Exercise material:
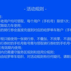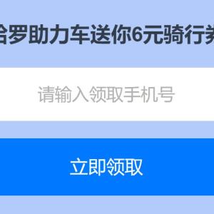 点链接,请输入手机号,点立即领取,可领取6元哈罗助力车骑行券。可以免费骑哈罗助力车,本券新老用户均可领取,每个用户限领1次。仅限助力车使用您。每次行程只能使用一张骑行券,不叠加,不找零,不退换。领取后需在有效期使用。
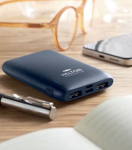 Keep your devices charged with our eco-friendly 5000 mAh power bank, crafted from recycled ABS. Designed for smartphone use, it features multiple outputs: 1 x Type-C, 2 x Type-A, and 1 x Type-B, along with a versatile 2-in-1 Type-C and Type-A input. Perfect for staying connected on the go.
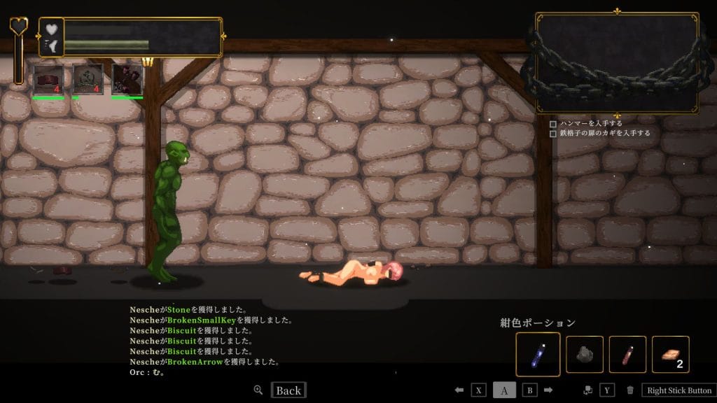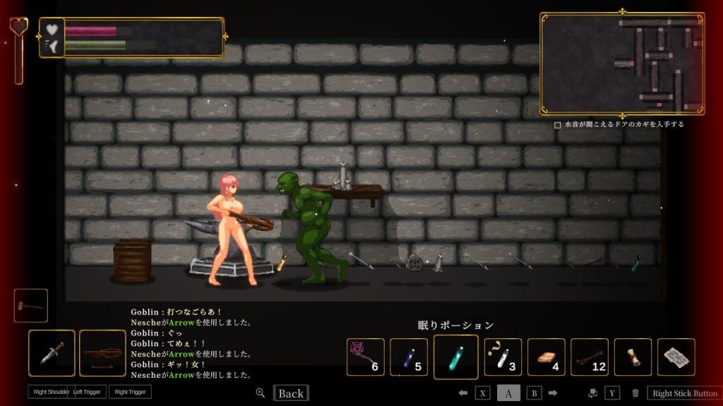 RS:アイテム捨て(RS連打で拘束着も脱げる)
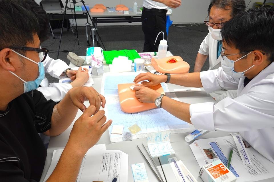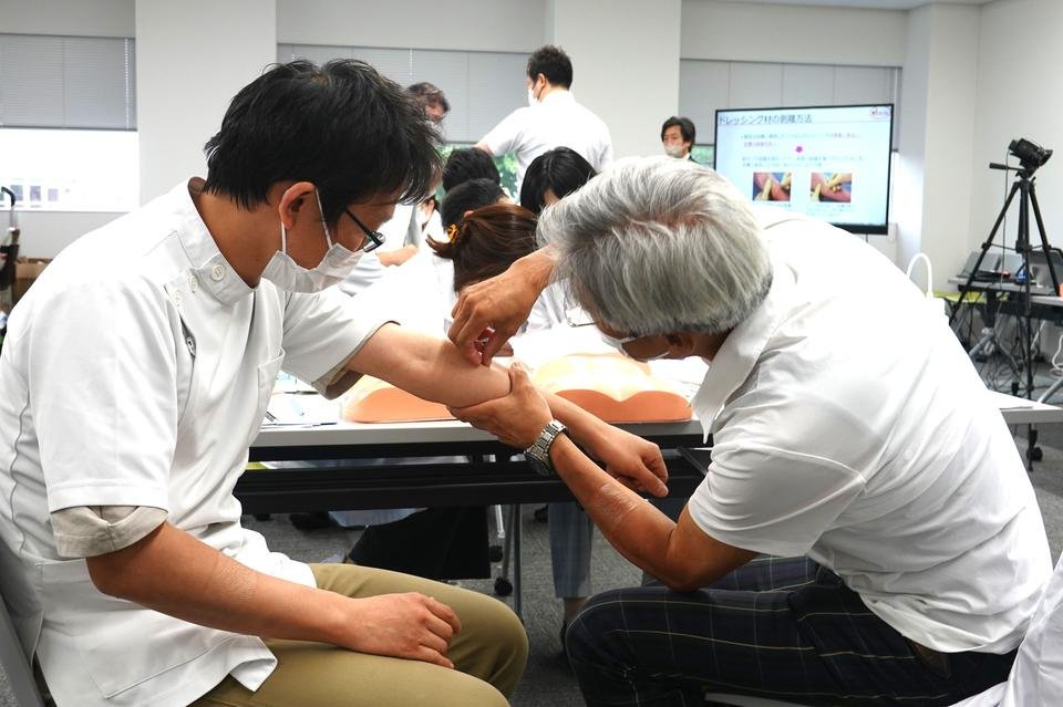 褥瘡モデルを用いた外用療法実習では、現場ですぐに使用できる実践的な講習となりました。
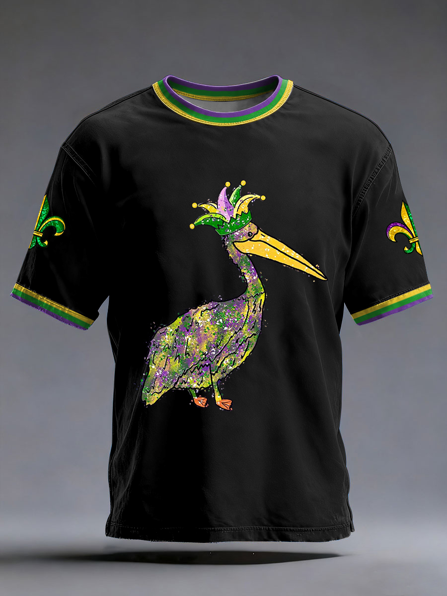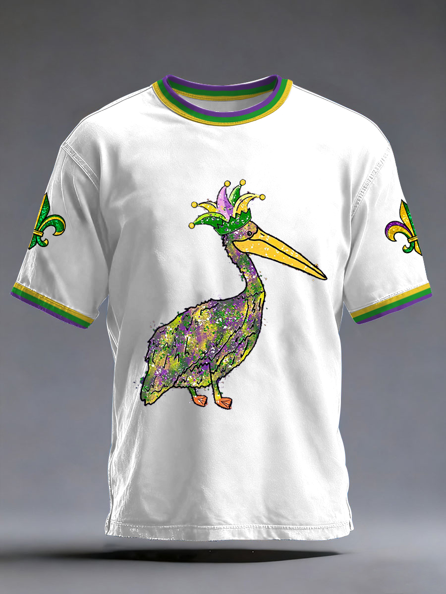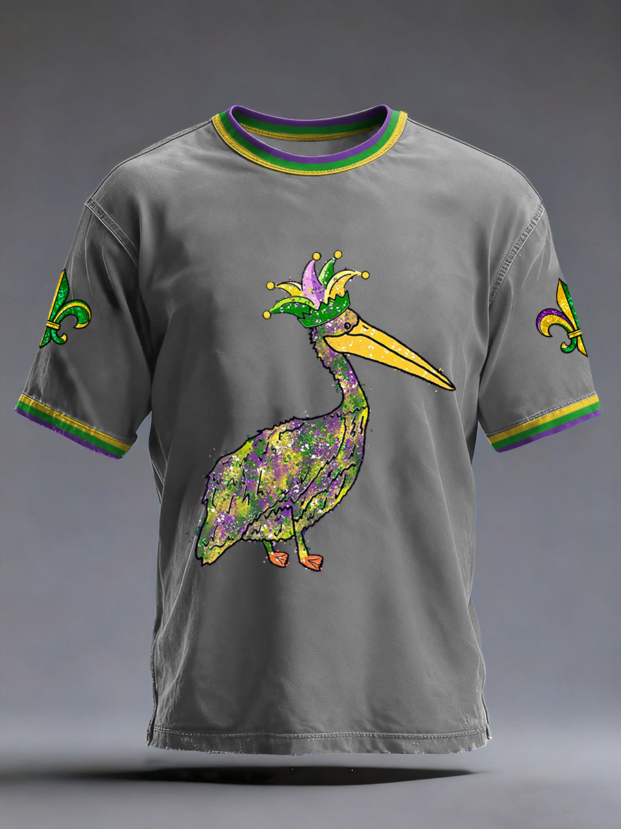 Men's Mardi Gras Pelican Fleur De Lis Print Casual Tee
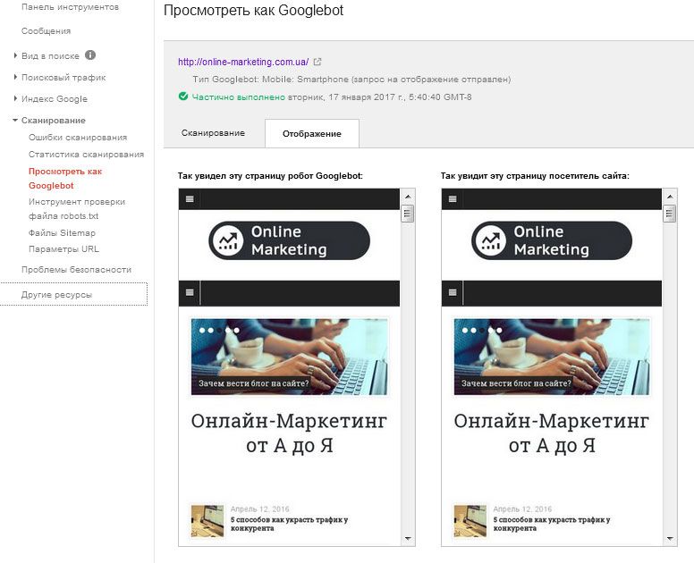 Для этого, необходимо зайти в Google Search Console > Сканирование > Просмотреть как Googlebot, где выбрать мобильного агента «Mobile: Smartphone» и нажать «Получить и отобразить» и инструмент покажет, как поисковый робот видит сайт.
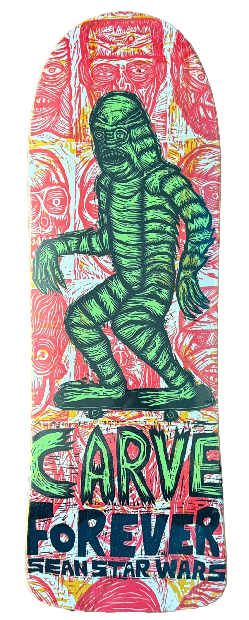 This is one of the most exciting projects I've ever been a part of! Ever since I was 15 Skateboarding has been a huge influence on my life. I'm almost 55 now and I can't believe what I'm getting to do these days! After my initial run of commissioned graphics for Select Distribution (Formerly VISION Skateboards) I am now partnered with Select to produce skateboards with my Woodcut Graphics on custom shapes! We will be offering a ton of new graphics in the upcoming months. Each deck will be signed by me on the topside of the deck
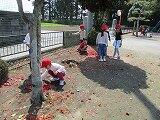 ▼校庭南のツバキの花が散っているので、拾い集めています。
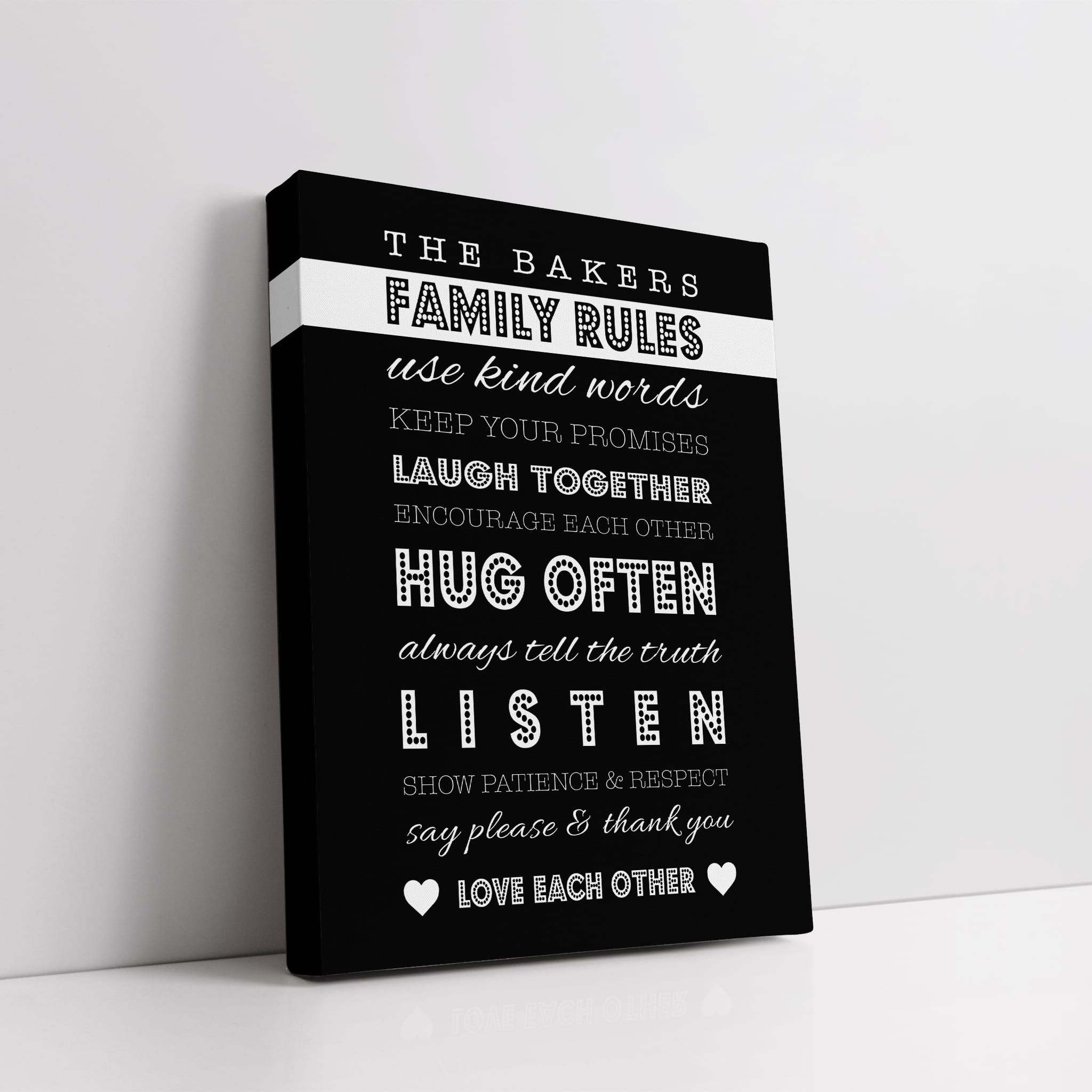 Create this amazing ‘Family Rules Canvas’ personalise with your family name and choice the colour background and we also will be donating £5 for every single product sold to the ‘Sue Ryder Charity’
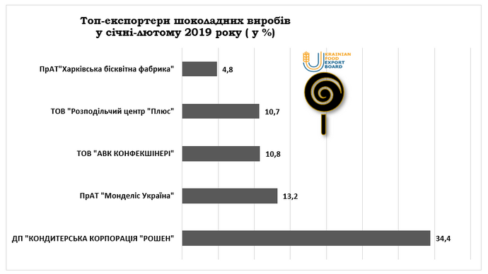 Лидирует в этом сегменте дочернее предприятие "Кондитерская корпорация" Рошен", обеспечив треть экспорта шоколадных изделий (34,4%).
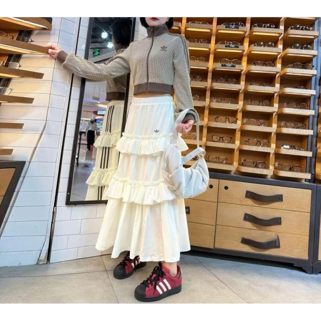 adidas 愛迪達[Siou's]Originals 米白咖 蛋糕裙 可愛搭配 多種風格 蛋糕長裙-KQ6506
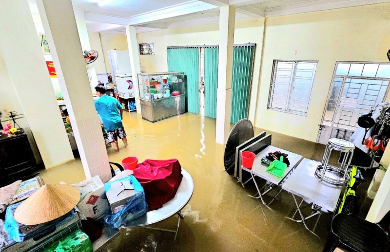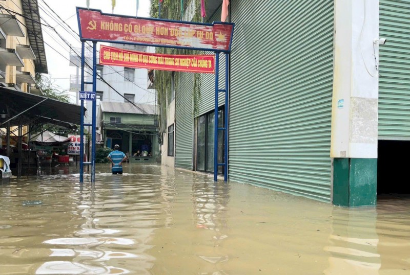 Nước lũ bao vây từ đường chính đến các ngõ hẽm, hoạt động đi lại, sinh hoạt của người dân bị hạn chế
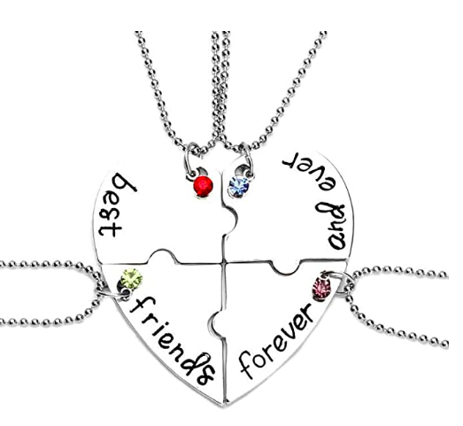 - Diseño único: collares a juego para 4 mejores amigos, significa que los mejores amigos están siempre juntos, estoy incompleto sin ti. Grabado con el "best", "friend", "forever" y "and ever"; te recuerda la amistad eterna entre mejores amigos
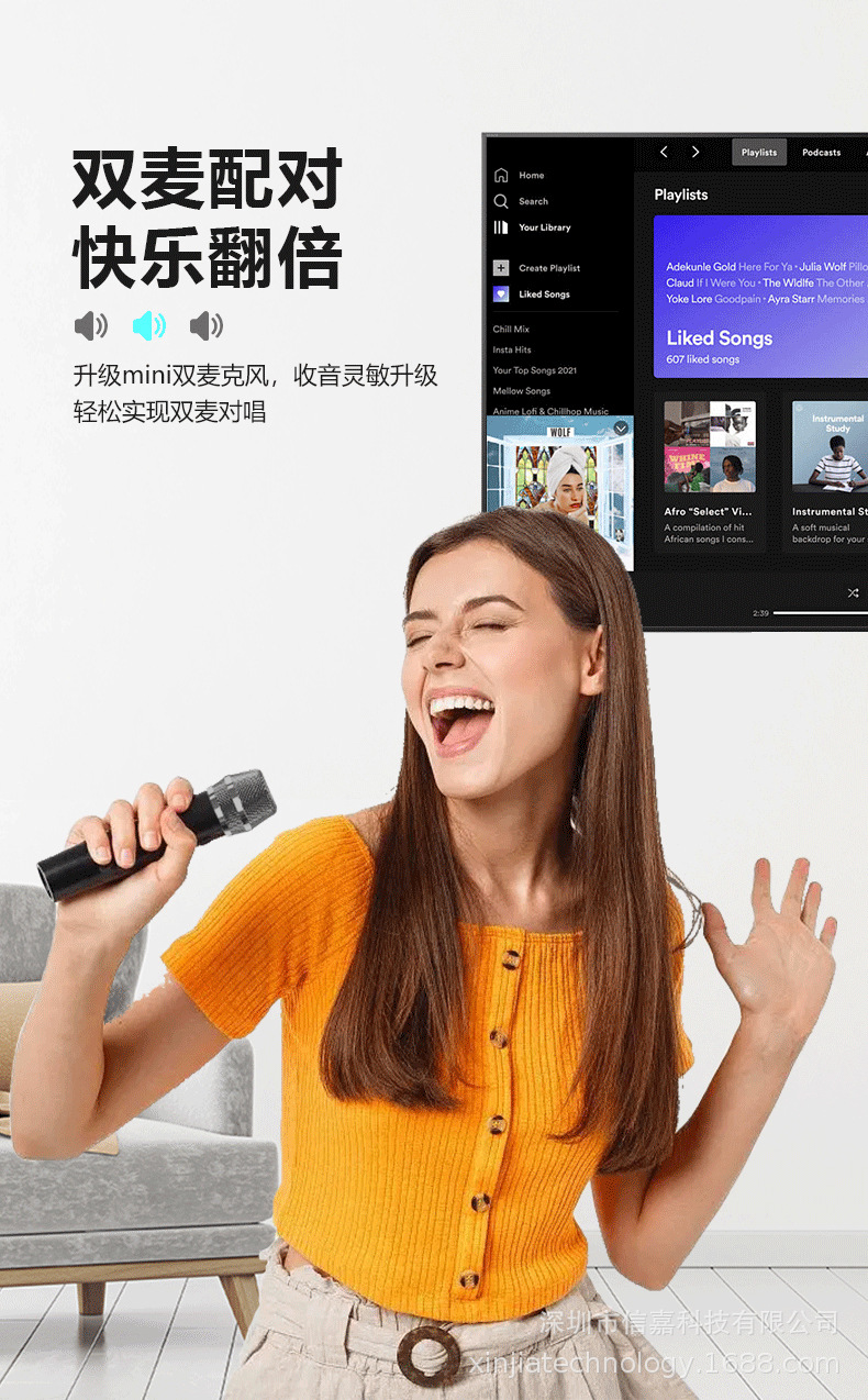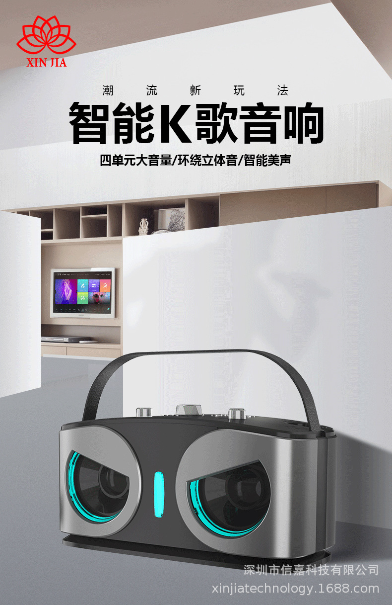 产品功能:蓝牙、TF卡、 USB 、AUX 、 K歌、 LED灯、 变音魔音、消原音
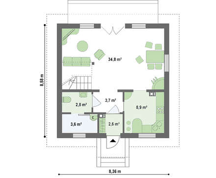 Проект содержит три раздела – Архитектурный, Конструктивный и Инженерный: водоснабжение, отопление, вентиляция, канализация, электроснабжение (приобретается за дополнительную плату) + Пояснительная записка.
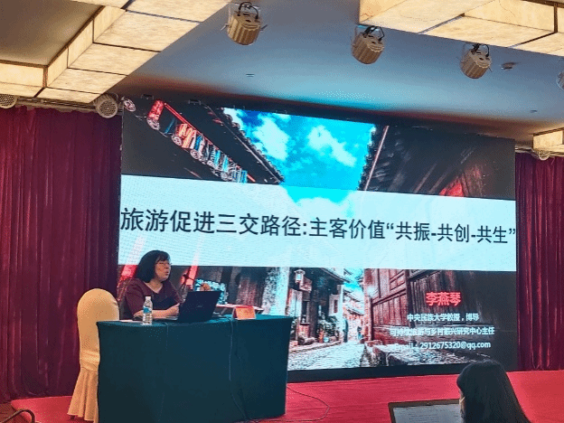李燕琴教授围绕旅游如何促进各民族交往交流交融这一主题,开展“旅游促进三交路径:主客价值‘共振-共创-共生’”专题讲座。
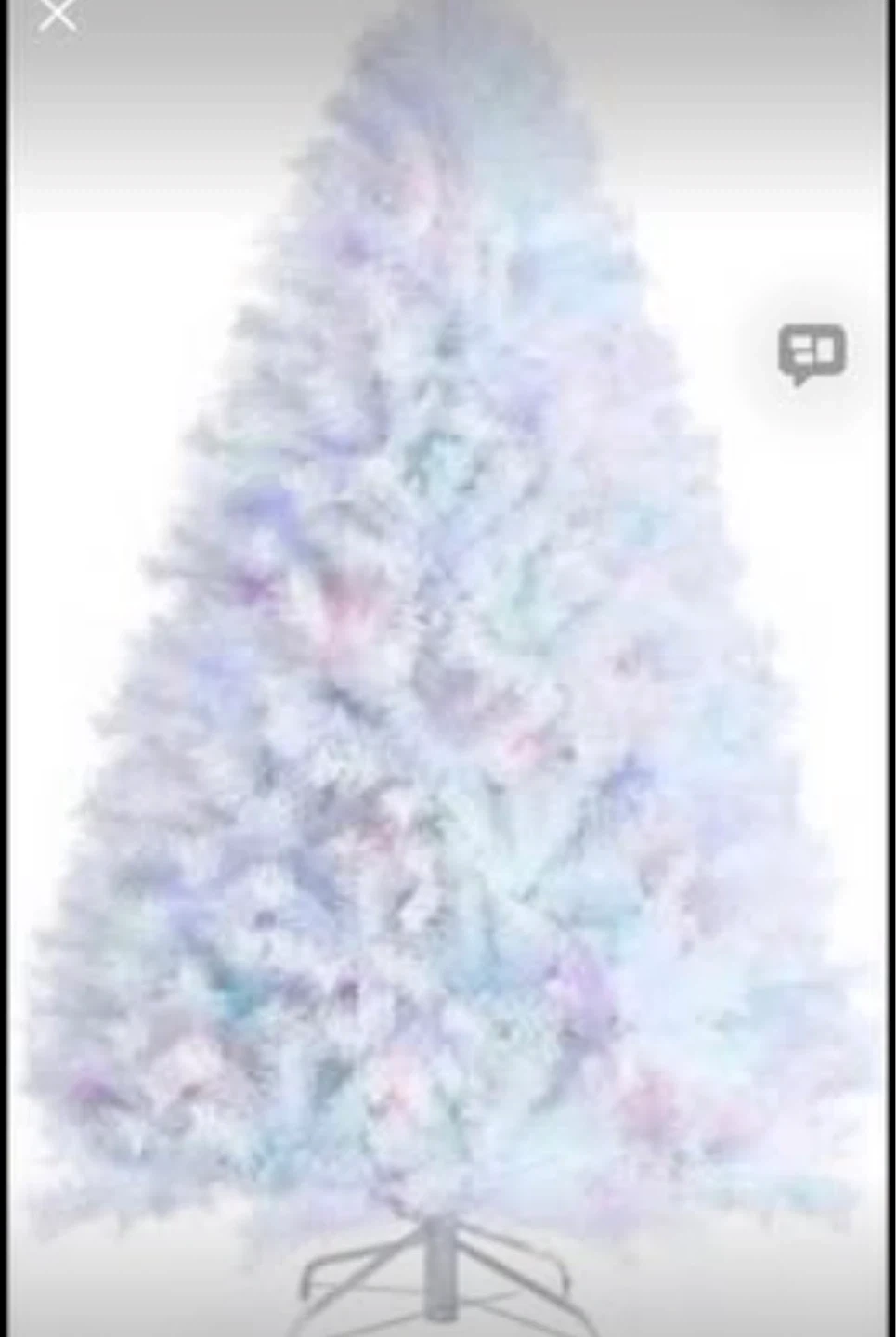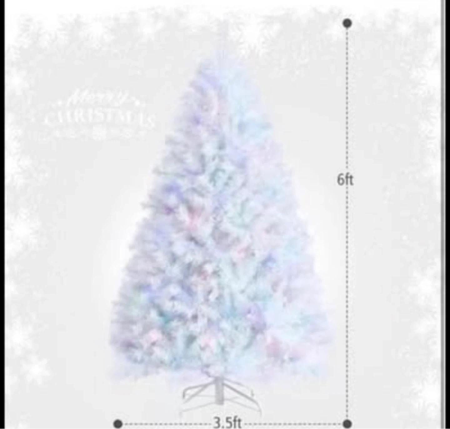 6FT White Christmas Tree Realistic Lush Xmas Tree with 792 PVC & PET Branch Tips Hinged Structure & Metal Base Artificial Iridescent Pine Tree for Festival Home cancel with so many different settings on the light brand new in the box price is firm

Exercise instructions:
A word-for-word copy of the entries above is what is needed, without any images.

Answer section:
 点链接,请输入手机号,点立即领取,可领取6元哈罗助力车骑行券。可以免费骑哈罗助力车,本券新老用户均可领取,每个用户限领1次。仅限助力车使用您。每次行程只能使用一张骑行券,不叠加,不找零,不退换。领取后需在有效期使用。
 Keep your devices charged with our eco-friendly 5000 mAh power bank, crafted from recycled ABS. Designed for smartphone use, it features multiple outputs: 1 x Type-C, 2 x Type-A, and 1 x Type-B, along with a versatile 2-in-1 Type-C and Type-A input. Perfect for staying connected on the go.
 RS:アイテム捨て(RS連打で拘束着も脱げる)
 褥瘡モデルを用いた外用療法実習では、現場ですぐに使用できる実践的な講習となりました。
 Men's Mardi Gras Pelican Fleur De Lis Print Casual Tee
 Для этого, необходимо зайти в Google Search Console > Сканирование > Просмотреть как Googlebot, где выбрать мобильного агента «Mobile: Smartphone» и нажать «Получить и отобразить» и инструмент покажет, как поисковый робот видит сайт.
 This is one of the most exciting projects I've ever been a part of! Ever since I was 15 Skateboarding has been a huge influence on my life. I'm almost 55 now and I can't believe what I'm getting to do these days! After my initial run of commissioned graphics for Select Distribution (Formerly VISION Skateboards) I am now partnered with Select to produce skateboards with my Woodcut Graphics on custom shapes! We will be offering a ton of new graphics in the upcoming months. Each deck will be signed by me on the topside of the deck
 ▼校庭南のツバキの花が散っているので、拾い集めています。
 Create this amazing ‘Family Rules Canvas’ personalise with your family name and choice the colour background and we also will be donating £5 for every single product sold to the ‘Sue Ryder Charity’
 Лидирует в этом сегменте дочернее предприятие "Кондитерская корпорация" Рошен", обеспечив треть экспорта шоколадных изделий (34,4%).
 adidas 愛迪達[Siou's]Originals 米白咖 蛋糕裙 可愛搭配 多種風格 蛋糕長裙-KQ6506
 Nước lũ bao vây từ đường chính đến các ngõ hẽm, hoạt động đi lại, sinh hoạt của người dân bị hạn chế
 - Diseño único: collares a juego para 4 mejores amigos, significa que los mejores amigos están siempre juntos, estoy incompleto sin ti. Grabado con el "best", "friend", "forever" y "and ever"; te recuerda la amistad eterna entre mejores amigos
 产品功能:蓝牙、TF卡、 USB 、AUX 、 K歌、 LED灯、 变音魔音、消原音
 Проект содержит три раздела – Архитектурный, Конструктивный и Инженерный: водоснабжение, отопление, вентиляция, канализация, электроснабжение (приобретается за дополнительную плату) + Пояснительная записка.
李燕琴教授围绕旅游如何促进各民族交往交流交融这一主题,开展“旅游促进三交路径:主客价值‘共振-共创-共生’”专题讲座。
 6FT White Christmas Tree Realistic Lush Xmas Tree with 792 PVC & PET Branch Tips Hinged Structure & Metal Base Artificial Iridescent Pine Tree for Festival Home cancel with so many different settings on the light brand new in the box price is firm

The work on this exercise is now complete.